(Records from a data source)
------------

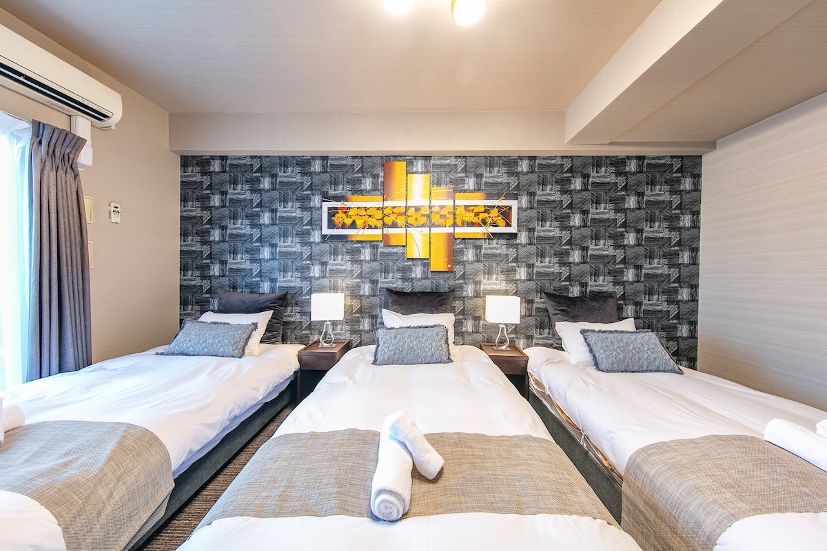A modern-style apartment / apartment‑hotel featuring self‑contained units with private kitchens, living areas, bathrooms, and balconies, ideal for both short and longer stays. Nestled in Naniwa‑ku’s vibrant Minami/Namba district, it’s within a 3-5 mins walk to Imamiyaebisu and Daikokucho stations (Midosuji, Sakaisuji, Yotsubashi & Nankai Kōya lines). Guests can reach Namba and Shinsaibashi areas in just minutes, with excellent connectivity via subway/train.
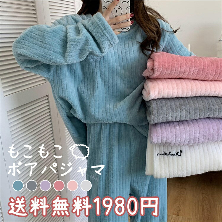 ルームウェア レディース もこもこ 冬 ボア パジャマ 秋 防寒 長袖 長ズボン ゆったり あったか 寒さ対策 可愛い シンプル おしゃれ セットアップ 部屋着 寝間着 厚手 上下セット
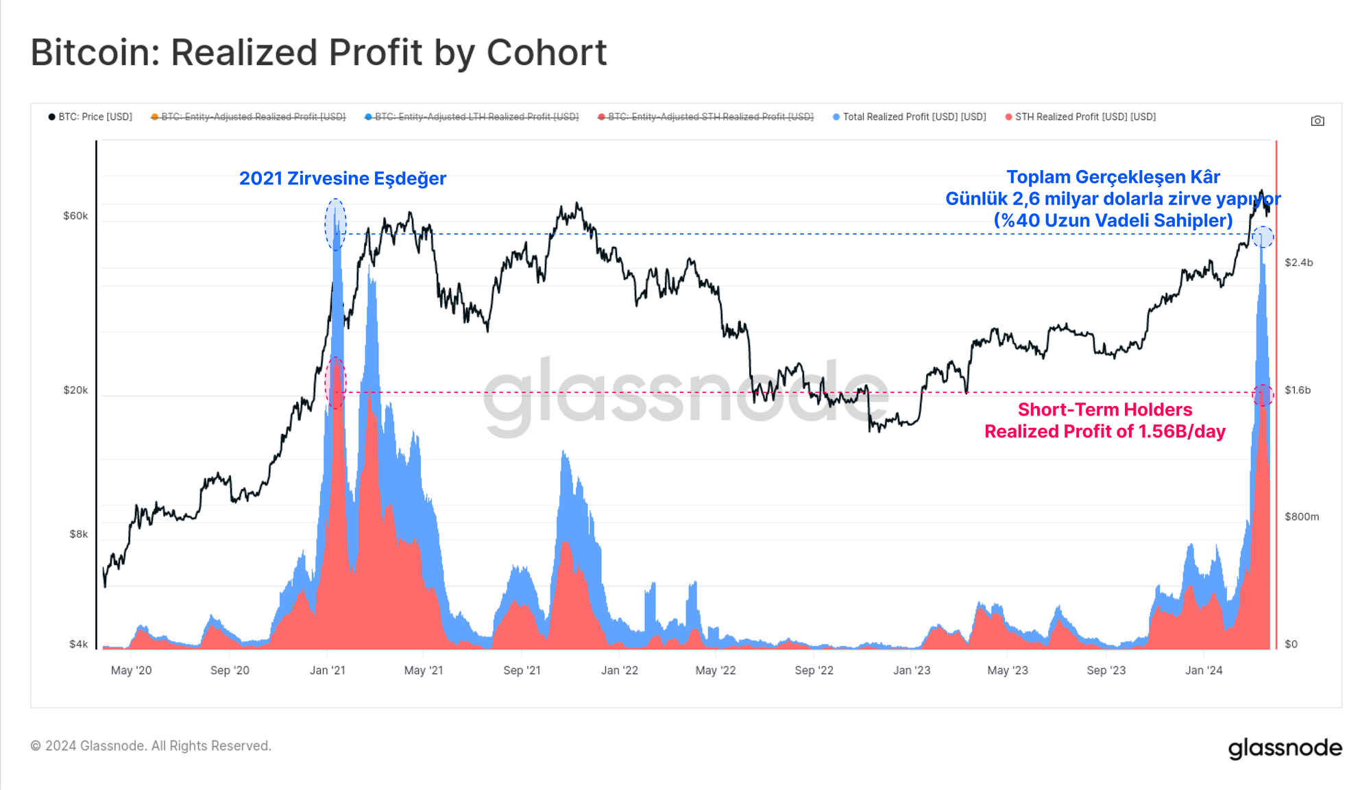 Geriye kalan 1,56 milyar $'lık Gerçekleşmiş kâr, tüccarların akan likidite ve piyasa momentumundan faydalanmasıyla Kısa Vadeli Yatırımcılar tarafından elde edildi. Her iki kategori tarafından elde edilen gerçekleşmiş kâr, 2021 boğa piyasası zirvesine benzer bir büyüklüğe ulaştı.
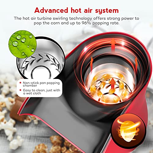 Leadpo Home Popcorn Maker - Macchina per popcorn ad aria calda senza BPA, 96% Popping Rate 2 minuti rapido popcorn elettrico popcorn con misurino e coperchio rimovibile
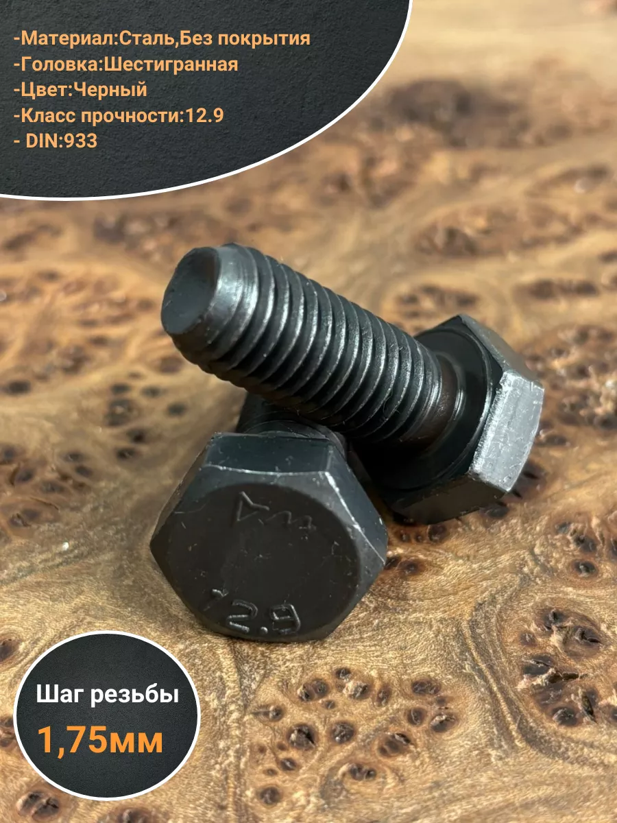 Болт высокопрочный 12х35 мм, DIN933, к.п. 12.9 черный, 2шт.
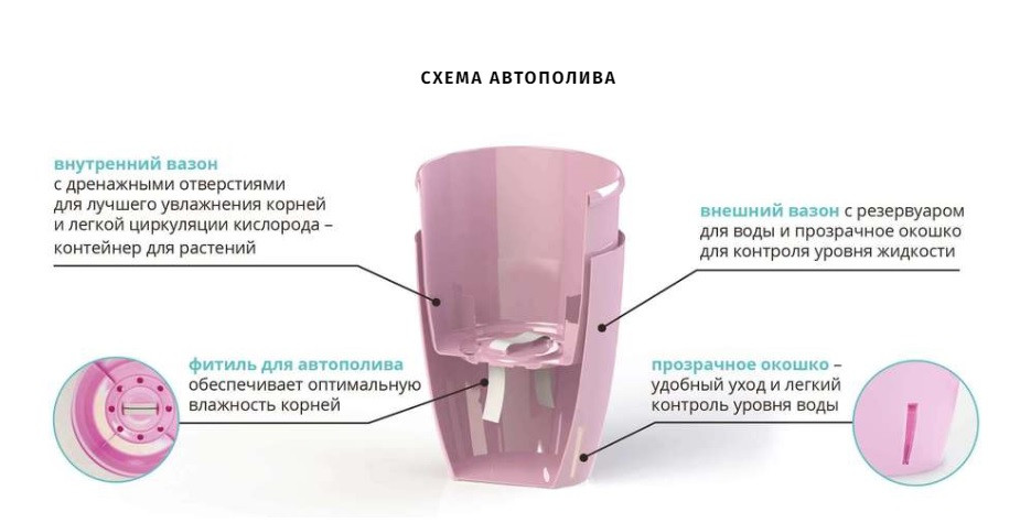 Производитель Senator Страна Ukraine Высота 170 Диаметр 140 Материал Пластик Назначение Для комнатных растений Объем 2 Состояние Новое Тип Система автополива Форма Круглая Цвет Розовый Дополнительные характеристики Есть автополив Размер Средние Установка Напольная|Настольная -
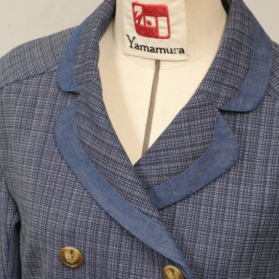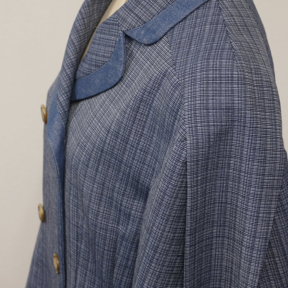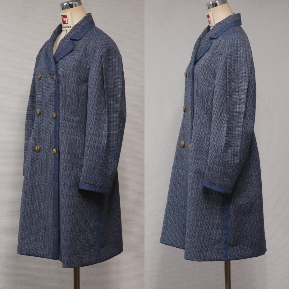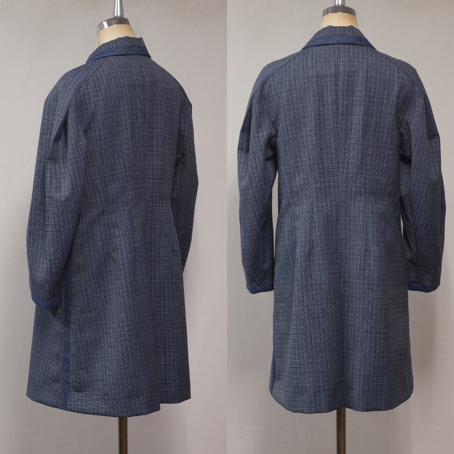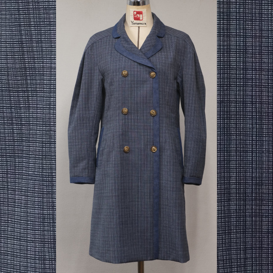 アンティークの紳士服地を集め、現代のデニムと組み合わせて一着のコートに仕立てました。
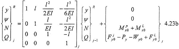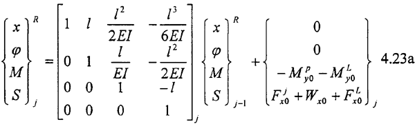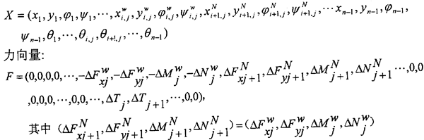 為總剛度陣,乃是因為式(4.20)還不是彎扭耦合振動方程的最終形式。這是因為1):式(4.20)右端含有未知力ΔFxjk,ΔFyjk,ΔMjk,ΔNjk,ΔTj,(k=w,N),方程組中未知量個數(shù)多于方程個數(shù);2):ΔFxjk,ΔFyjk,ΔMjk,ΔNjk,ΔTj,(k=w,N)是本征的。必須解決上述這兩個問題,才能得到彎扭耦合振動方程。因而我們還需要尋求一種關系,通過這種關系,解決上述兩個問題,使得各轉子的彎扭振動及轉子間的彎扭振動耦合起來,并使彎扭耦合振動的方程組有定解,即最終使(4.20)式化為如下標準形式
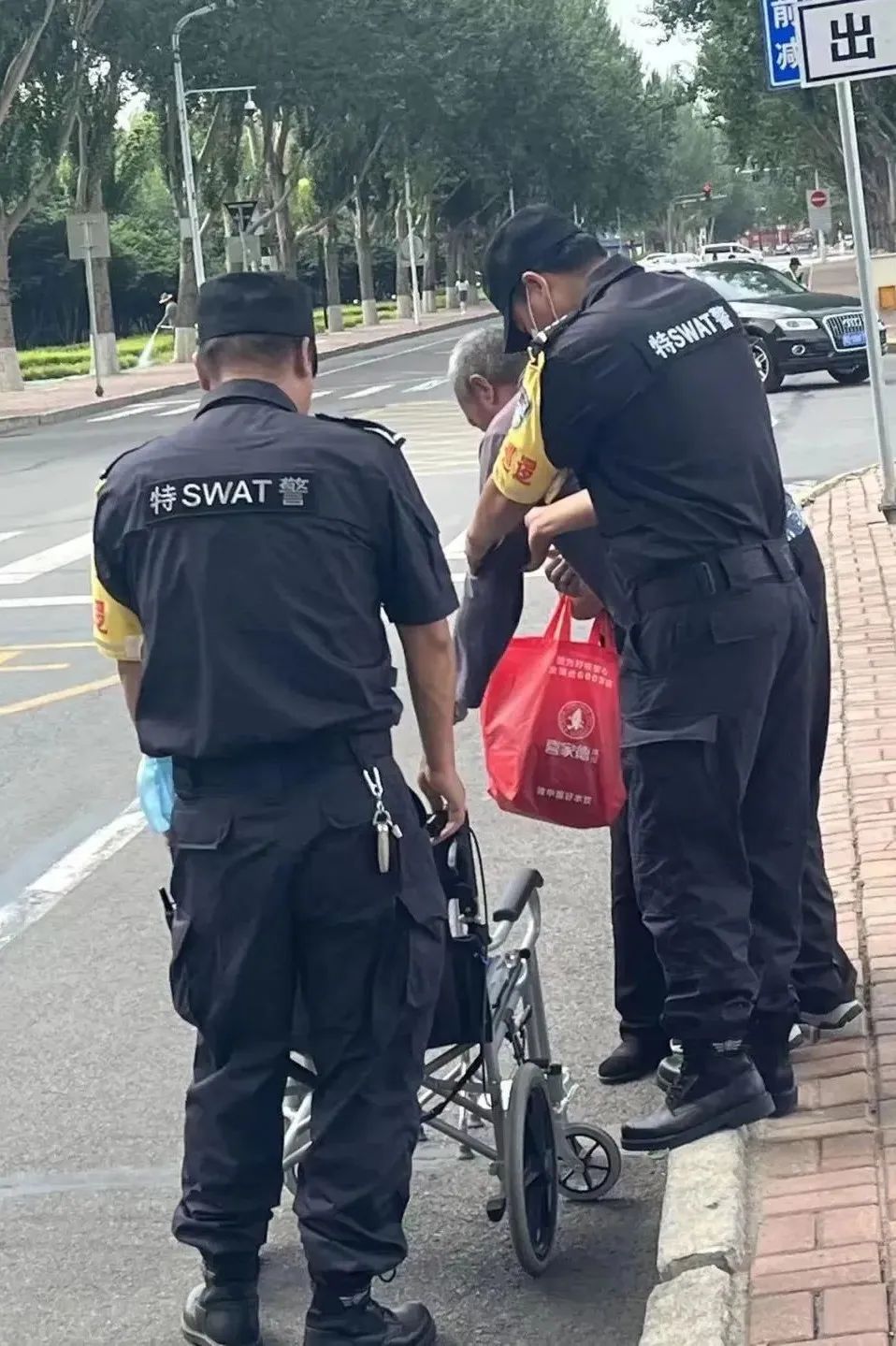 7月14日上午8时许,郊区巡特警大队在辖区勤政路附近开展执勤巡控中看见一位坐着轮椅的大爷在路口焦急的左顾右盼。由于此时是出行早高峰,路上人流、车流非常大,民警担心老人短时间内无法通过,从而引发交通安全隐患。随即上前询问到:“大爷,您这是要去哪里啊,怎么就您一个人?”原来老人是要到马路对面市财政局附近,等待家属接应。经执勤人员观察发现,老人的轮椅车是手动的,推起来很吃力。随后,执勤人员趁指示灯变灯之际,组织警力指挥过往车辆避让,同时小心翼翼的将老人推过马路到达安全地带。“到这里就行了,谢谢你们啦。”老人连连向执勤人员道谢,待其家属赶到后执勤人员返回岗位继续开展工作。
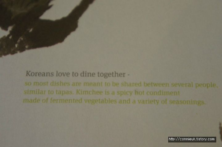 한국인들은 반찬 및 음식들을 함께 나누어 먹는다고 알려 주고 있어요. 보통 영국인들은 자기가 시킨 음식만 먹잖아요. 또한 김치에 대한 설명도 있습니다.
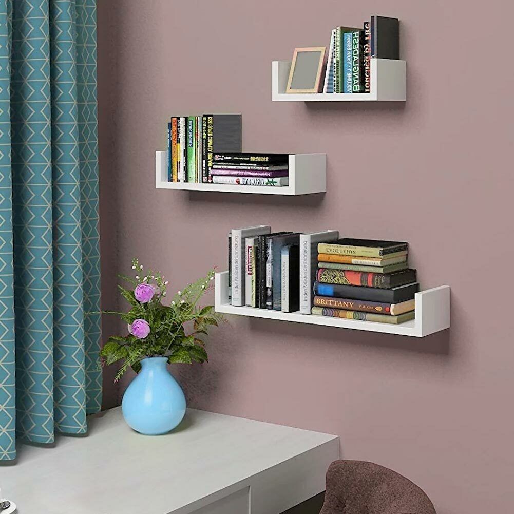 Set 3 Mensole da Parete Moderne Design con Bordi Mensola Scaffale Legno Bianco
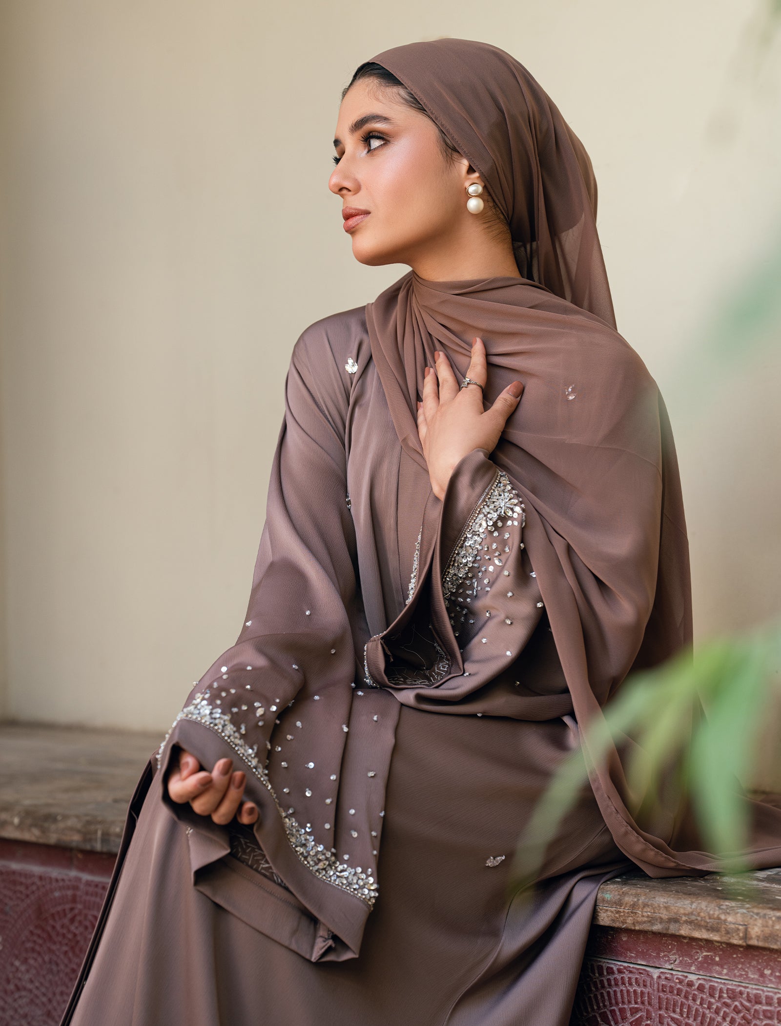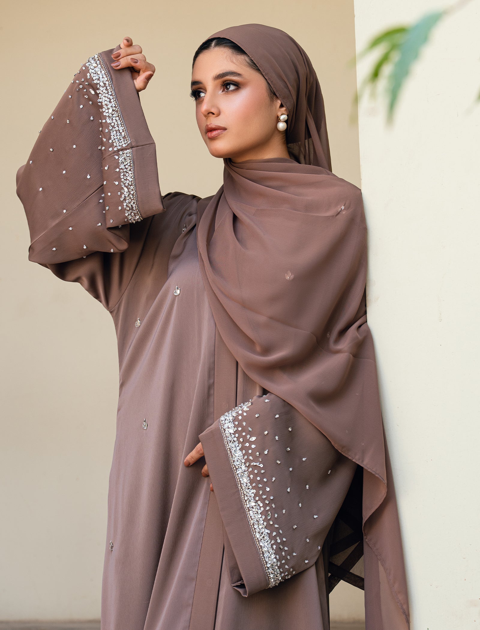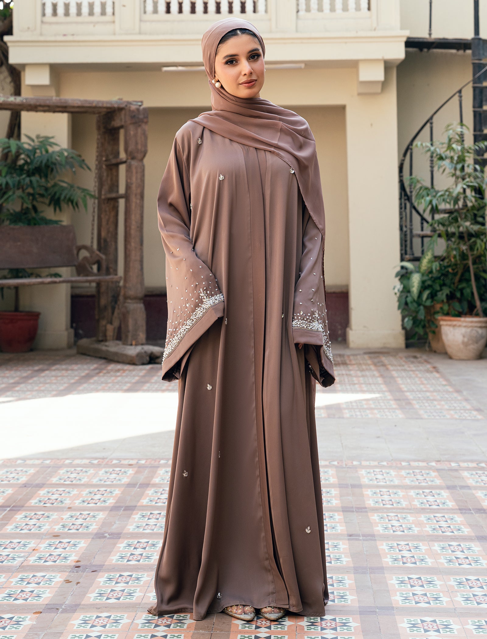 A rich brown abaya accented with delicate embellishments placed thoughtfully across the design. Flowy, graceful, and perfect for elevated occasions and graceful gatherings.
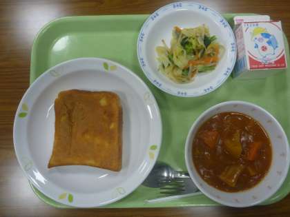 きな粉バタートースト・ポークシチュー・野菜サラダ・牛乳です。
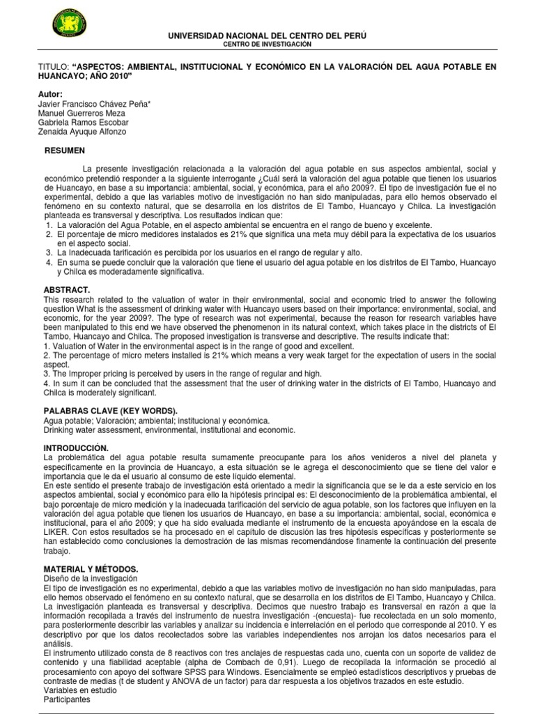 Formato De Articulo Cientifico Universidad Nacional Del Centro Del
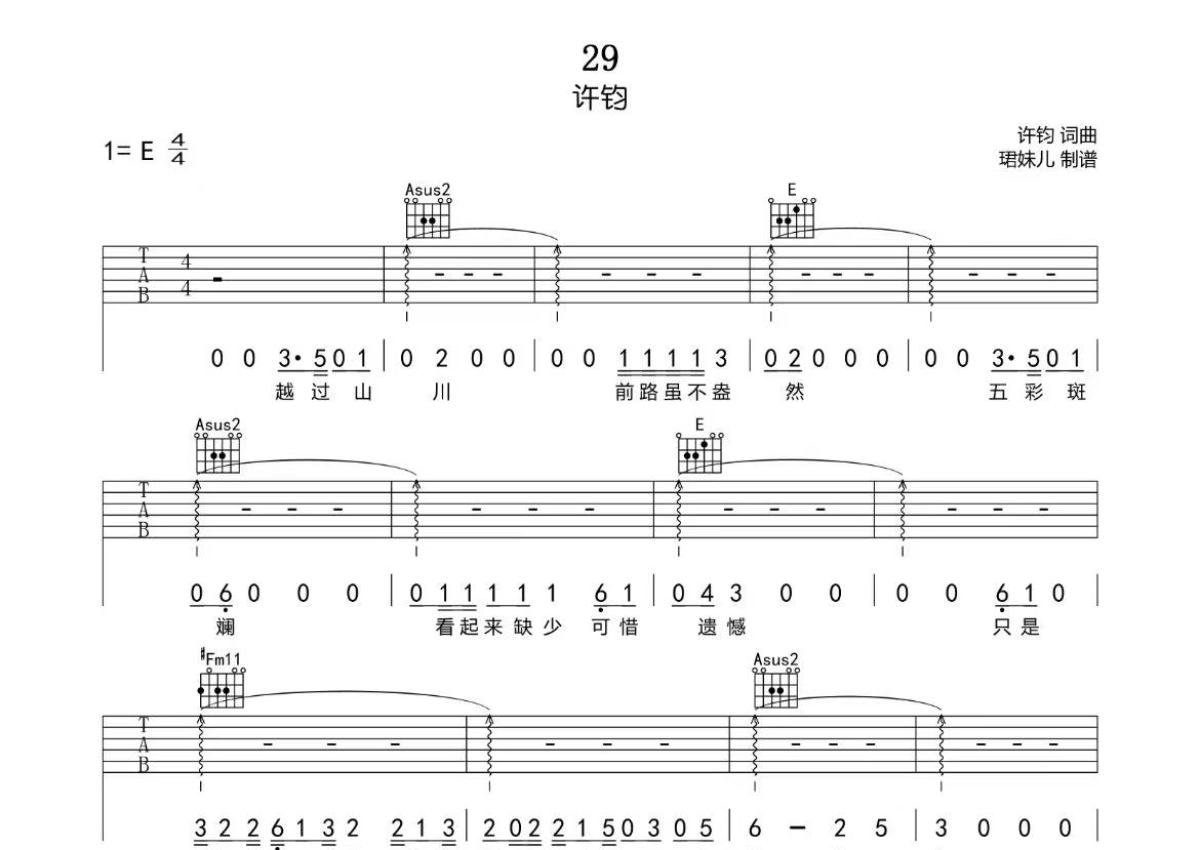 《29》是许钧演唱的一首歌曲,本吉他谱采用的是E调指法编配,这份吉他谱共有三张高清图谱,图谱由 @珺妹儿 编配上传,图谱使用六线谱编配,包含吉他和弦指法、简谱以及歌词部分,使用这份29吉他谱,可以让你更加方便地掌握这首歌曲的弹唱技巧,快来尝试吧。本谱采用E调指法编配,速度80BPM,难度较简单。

------------

** DIRECTIONS FOR THIS TASK **
Would you return the records exactly, keeping out every picture?

** WRITTEN REPLY **
A modern-style apartment / apartment‑hotel featuring self‑contained units with private kitchens, living areas, bathrooms, and balconies, ideal for both short and longer stays. Nestled in Naniwa‑ku’s vibrant Minami/Namba district, it’s within a 3-5 mins walk to Imamiyaebisu and Daikokucho stations (Midosuji, Sakaisuji, Yotsubashi & Nankai Kōya lines). Guests can reach Namba and Shinsaibashi areas in just minutes, with excellent connectivity via subway/train.
 ルームウェア レディース もこもこ 冬 ボア パジャマ 秋 防寒 長袖 長ズボン ゆったり あったか 寒さ対策 可愛い シンプル おしゃれ セットアップ 部屋着 寝間着 厚手 上下セット
 Geriye kalan 1,56 milyar $'lık Gerçekleşmiş kâr, tüccarların akan likidite ve piyasa momentumundan faydalanmasıyla Kısa Vadeli Yatırımcılar tarafından elde edildi. Her iki kategori tarafından elde edilen gerçekleşmiş kâr, 2021 boğa piyasası zirvesine benzer bir büyüklüğe ulaştı.
 Leadpo Home Popcorn Maker - Macchina per popcorn ad aria calda senza BPA, 96% Popping Rate 2 minuti rapido popcorn elettrico popcorn con misurino e coperchio rimovibile
 Болт высокопрочный 12х35 мм, DIN933, к.п. 12.9 черный, 2шт.
 Производитель Senator Страна Ukraine Высота 170 Диаметр 140 Материал Пластик Назначение Для комнатных растений Объем 2 Состояние Новое Тип Система автополива Форма Круглая Цвет Розовый Дополнительные характеристики Есть автополив Размер Средние Установка Напольная|Настольная -
 アンティークの紳士服地を集め、現代のデニムと組み合わせて一着のコートに仕立てました。
 為總剛度陣,乃是因為式(4.20)還不是彎扭耦合振動方程的最終形式。這是因為1):式(4.20)右端含有未知力ΔFxjk,ΔFyjk,ΔMjk,ΔNjk,ΔTj,(k=w,N),方程組中未知量個數(shù)多于方程個數(shù);2):ΔFxjk,ΔFyjk,ΔMjk,ΔNjk,ΔTj,(k=w,N)是本征的。必須解決上述這兩個問題,才能得到彎扭耦合振動方程。因而我們還需要尋求一種關系,通過這種關系,解決上述兩個問題,使得各轉子的彎扭振動及轉子間的彎扭振動耦合起來,并使彎扭耦合振動的方程組有定解,即最終使(4.20)式化為如下標準形式
 7月14日上午8时许,郊区巡特警大队在辖区勤政路附近开展执勤巡控中看见一位坐着轮椅的大爷在路口焦急的左顾右盼。由于此时是出行早高峰,路上人流、车流非常大,民警担心老人短时间内无法通过,从而引发交通安全隐患。随即上前询问到:“大爷,您这是要去哪里啊,怎么就您一个人?”原来老人是要到马路对面市财政局附近,等待家属接应。经执勤人员观察发现,老人的轮椅车是手动的,推起来很吃力。随后,执勤人员趁指示灯变灯之际,组织警力指挥过往车辆避让,同时小心翼翼的将老人推过马路到达安全地带。“到这里就行了,谢谢你们啦。”老人连连向执勤人员道谢,待其家属赶到后执勤人员返回岗位继续开展工作。
 한국인들은 반찬 및 음식들을 함께 나누어 먹는다고 알려 주고 있어요. 보통 영국인들은 자기가 시킨 음식만 먹잖아요. 또한 김치에 대한 설명도 있습니다.
 Set 3 Mensole da Parete Moderne Design con Bordi Mensola Scaffale Legno Bianco
 A rich brown abaya accented with delicate embellishments placed thoughtfully across the design. Flowy, graceful, and perfect for elevated occasions and graceful gatherings.
 きな粉バタートースト・ポークシチュー・野菜サラダ・牛乳です。
 Formato De Articulo Cientifico Universidad Nacional Del Centro Del
 《29》是许钧演唱的一首歌曲,本吉他谱采用的是E调指法编配,这份吉他谱共有三张高清图谱,图谱由 @珺妹儿 编配上传,图谱使用六线谱编配,包含吉他和弦指法、简谱以及歌词部分,使用这份29吉他谱,可以让你更加方便地掌握这首歌曲的弹唱技巧,快来尝试吧。本谱采用E调指法编配,速度80BPM,难度较简单。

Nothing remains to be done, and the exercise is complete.